1. Install SpacetimeDB CLI

curl --proto '=https' --tlsv1.2 -sSf https://install.spacetimedb.com | sh

2. Add the dependency

dependencies:
  spacetimedb_sdk: ^2.2.0

3. Generate client code from your module

# From a running server
dart run spacetimedb_sdk:generate -s http://localhost:3000 -d your_database -o lib/generated

# Or from a local Rust project
dart run spacetimedb_sdk:generate -p path/to/module -o lib/generated

4. Connect

import 'package:your_app/generated/client.dart';

final client = await SpacetimeDbClient.create(
  host: 'localhost:3000',
  database: 'your_database',
  ssl: false,
  authStorage: InMemoryTokenStore(),
);

await client.connect(initialSubscriptions: ['SELECT * FROM users']);

That's it. client.users.rows.value is now a live list that updates on every server transaction.

Concepts

Before the API reference, a short tour of the pieces that matter.

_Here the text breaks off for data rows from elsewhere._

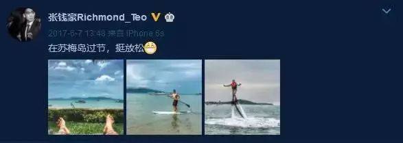 因为张钱豪的Twitter被限制关注,细细品了品张钱豪的微博动态。其中不乏冲浪健身、遛狗、高端聚会及和“朋友”的合影。比如WKO世界冠军……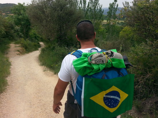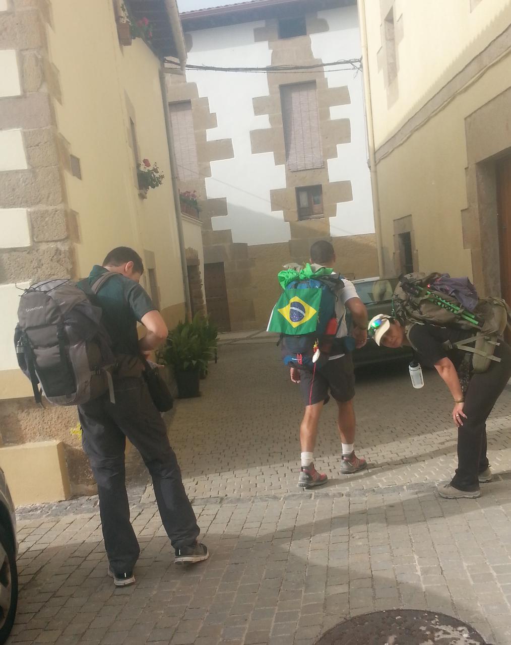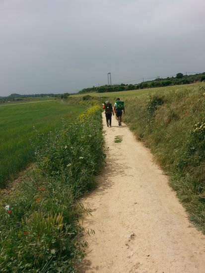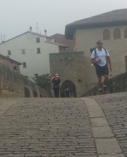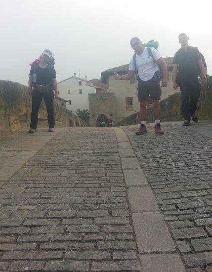 Wir sind morgens ziemlich spät aufgestanden und kasperten beim Rucksackpacken noch rum. Im Frühstückssaal waren die essbaren Sachen schon so ziemlich abgegrast. Trotzdem fanden wir noch das ein oder andere Essbare. Da wir danach noch aufs Zimmer gingen, Nilton noch rausfand, dass eine Frau aus der Herberge aus Brasilien kam und wir anschliessend noch Marias vergessene Jacke aus der gestrigen Bar rausholten, war es schon relativ spät als wir über die Brücke von Puente la Reina gingen.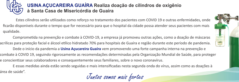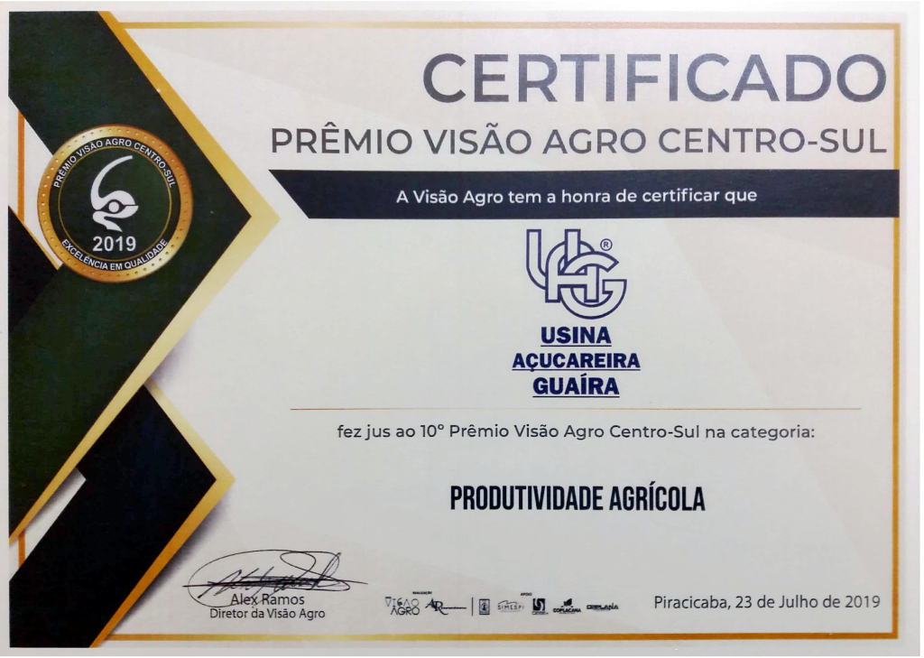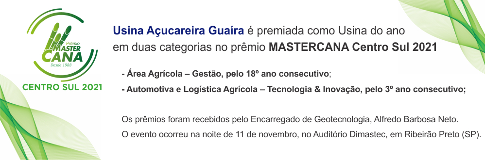 No dia 09 de dezembro, a Usina Açucareira Guaíra finalizou sua safra 2018/19, com uma moagem recorde de 3.016.314,53 toneladas de cana e com ótimos índices de produção. A produtividade média da safra ficou em 90,25 toneladas por ha e o teor de ATR ficou em 139,58 kg/tonelada. A usina processou em 2018 cerca de 103 milhões de litros de etanol e 4,8 milhões de saca de açúcar. Mesmo com um ano de seca mais intensa conseguimos obter bons resultados dos canaviais, cujo estágio médio de corte é de 4,2 anos. Isto foi possível com a utilização de tecnologias inovadoras aplicada na área agrícola e ao manejo eficiente realizado com práticas sustentáveis. A usina esta há mais de dez anos com a colheita mecanizada de cana crua.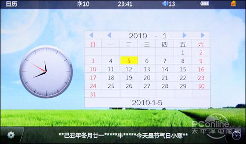 日历界面下,有指针时钟于屏幕左方,日期以清晰明了的形式呈现,屏幕下方还可以知道农历相关的信息,其中包括有节气。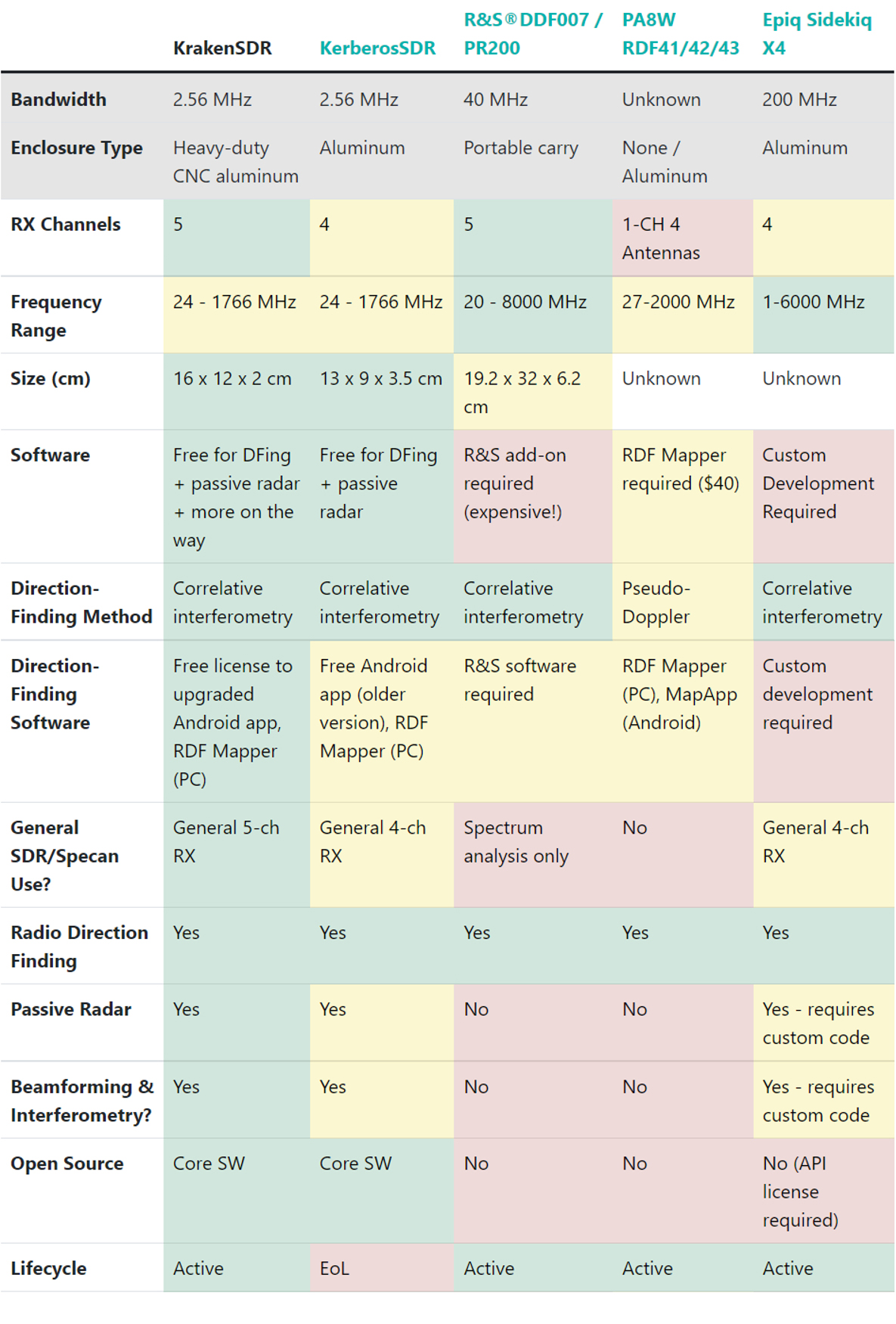 The previous version of KrakenSDR was known as KerberosSDR, which we successfully crowdfunded on Indiegogo. All backers of KerberosSDR received their orders and the relevant source code for direction finding and passive radar. KrakenSDR improves upon KerberosSDR in several important respects: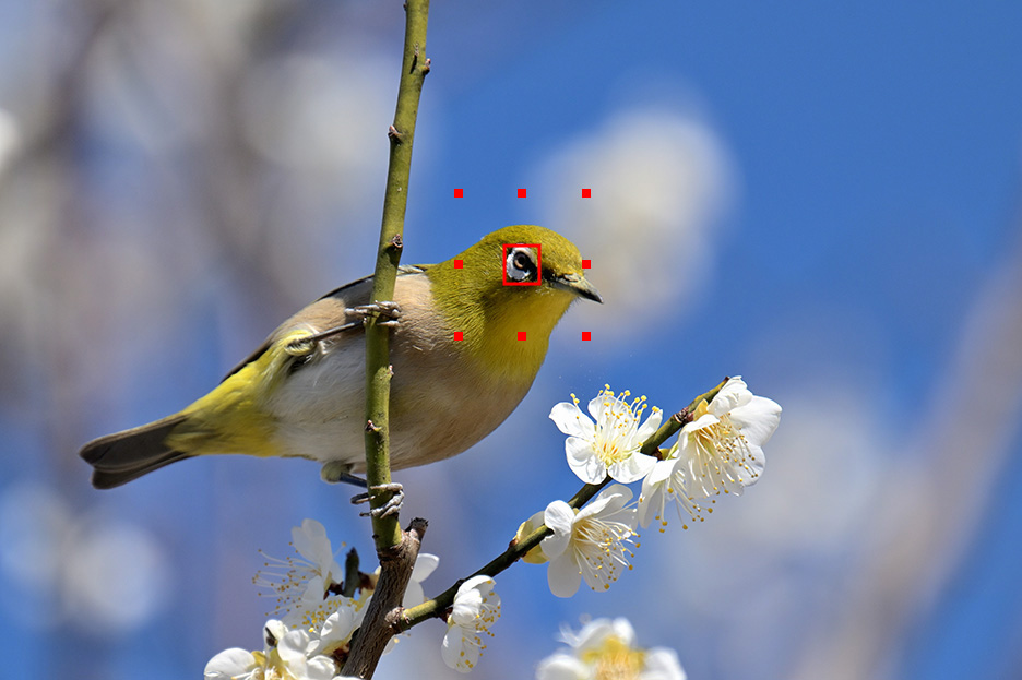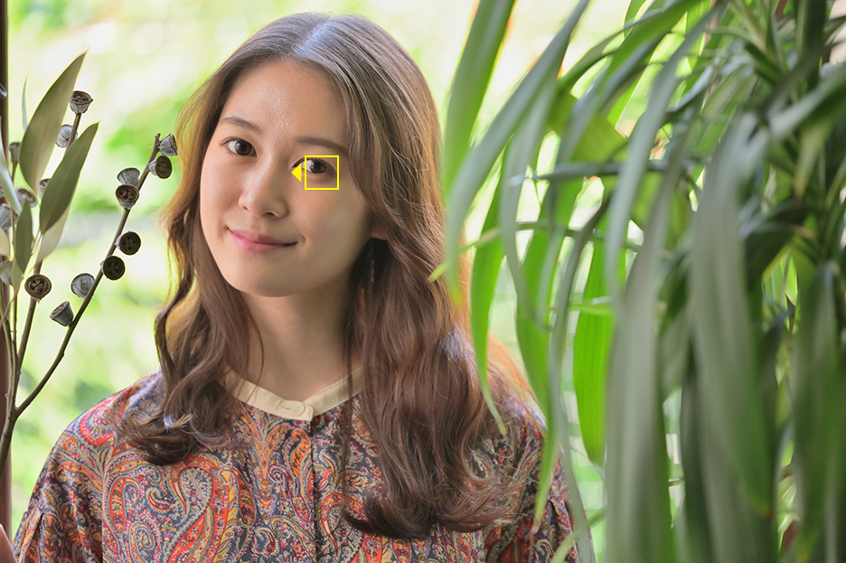 なお、瞳を認識できるときは左右どちらかの瞳に黄色のフォーカスポイントが表示されます。
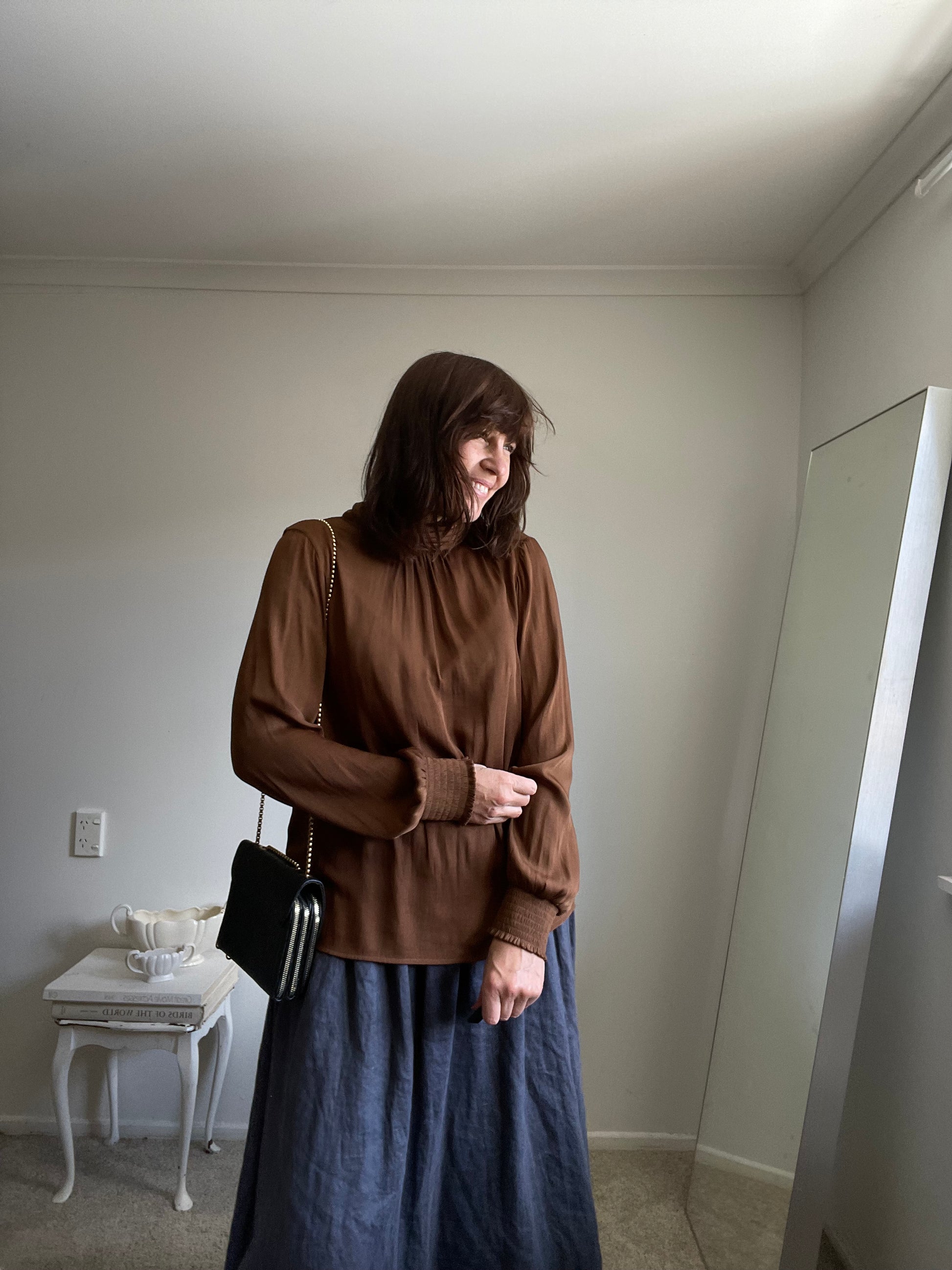 Size 12-16 imo. Tagged size: 16. RRP$149. MAX bronze silky top with high neck and tie. Elastic shirred wide cuffs, blouson sleeves. Length 65cm. Armpit-armpit 52cm. Composition: silky fine polyester

Client lifecycle: create, then connect

SpacetimeDbClient.create() is synchronous-ish: it loads your offline cache from disk (if configured), wires up listeners, and returns immediately. No network happens here.

client.connect() opens the WebSocket, authenticates, and requests your initial subscriptions. It can throw. Offline-first apps call create, render cached data, then call connect inside a try/catch and show an offline indicator on failure.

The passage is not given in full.